Glass Ensemble had some rough patches too. After a stately, march-like excerpt from CIVIL warS #2—Cologne Edition, the group played the first two sections of his Music in 12 Parts, a magnum opus more central to his career than even Einstein on the Beach. “Part 1” is the most beautiful piece Glass has written, limpid music that flows gently around wordless singing (Lisa Bielawa), as if the voice was a polished stone in the middle of a stream. There is a constant pulse, but where it falls is difficult to pin down, and instead the ear follows the seductive counterpoint and the sensual interior woodwind lines that twist around each other.

“Part 2” is forceful and energetic, the music driven by repetition and syncopation. The winds play almost continuously, and they grew fatigued and faltered. Then, a bit more than half-way through, the voice takes the lead with a series of arpeggiations that start slow, then grow faster, before returning to their slow beginning. All the musicians seemed galvanized by the singing, and the band, including the winds, played with whipcrack focus and intensity. The galvanizing music from Act 1, Scene 1 of Akhnaten, the “Funeral of Amenhotep III,” ended the first half with power and dignity.

Music for 18 Musicians is one of the rare signpost pieces in the classical tradition: it propelled what had been avant-garde music into the mainstream and initiated the large-scale acceptance of a new style; the piece, and the album on ECM, changed history.

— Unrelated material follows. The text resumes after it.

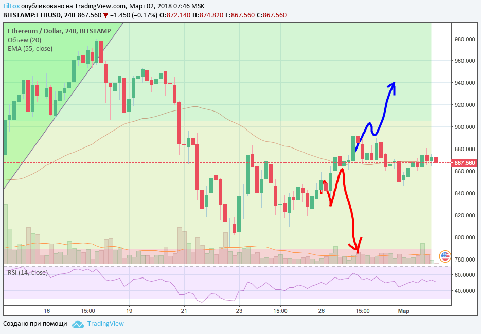 На фоне вчерашнего роста курса Bitcoin, эфир смог восстановится к уровню поддержки, которым выступает скользящая средняя EMA 55. Сегодня при положительной динамике пары BTC/USD, цена на Ethereum вновь может протестировать область максимумов 21 февраля. Напомню, что тогда цена установила дневной максимум на отметке 906.00 USD, но закрепиться выше уровня сопротивления 38.2% фибо (905. 00 USD) так и не удалось. Поможет ли биткоин сегодня цене эфира закрепится выше этого уровня, - мы узнаем во второй половине дня.

Before the playing began, Reich dedicated the performance to the memory of James Preiss, who had been an original member of his ensemble and who died early this year.

Cossin, Preiss’ student, took his place at the vibraphone, a complex symbol of how Reich’s music is now in the standard repertoire, played by musicians all over the world. The composer no longer needs a specialized group to play his music, but there was a poignant feeling hanging over the performance, the sense that this series of concerts might be both a celebration of the music and a farewell to musicians like Bob Becker and Russell Hartenberger, who helped open up the future.

Perhaps that was the source of the elegiac air to the playing, a quality that was calm, assured, and stunningly musical. There was an ineffable maturity—a tempo that was relaxed and ideal, a sense of phrasing that is not usually prevalent in minimalist music, and an eloquence equal to that of the greatest orchestral playing. Packed with inherent psychoacoustic effects, the sound was studded with new and dazzling qualities.

Live performances of Music for 18 Musicians are always special, it is moving to see the musicians work together, especially spelling each other. The opening and closing pulses are built around the duration of breath from the singers and the clarinets, and that makes a powerful connection with the listener. And as music is fundamentally a social activity, this piece is the greatest example of abstract music as social organization. The musicians cue each other, primarily from the vibraphone set at the center, which serves as the equivalent of a talking drum.

The music-making was lithe but with expressive weight. As each moment passed, there was a burgeoning sense from the musicians and in the audience that this was a special performance for this occasion —beautiful and meaningful as well.

The Philip Glass Ensemble & Steve Reich and Musicians concerts continue tonight and tomorrow at 7:30 p.m. bam.org


One Response to “A maximal night of music from Glass and Reich at BAM”

  1. Posted Sep 10, 2014 at 5:47 pm by mitchell bock-woo

    We sat, last night, second row orchestra. As with Satyagraha and Einstein, for the duration of the performance there was no universe beyond the music, and an entire universe within it.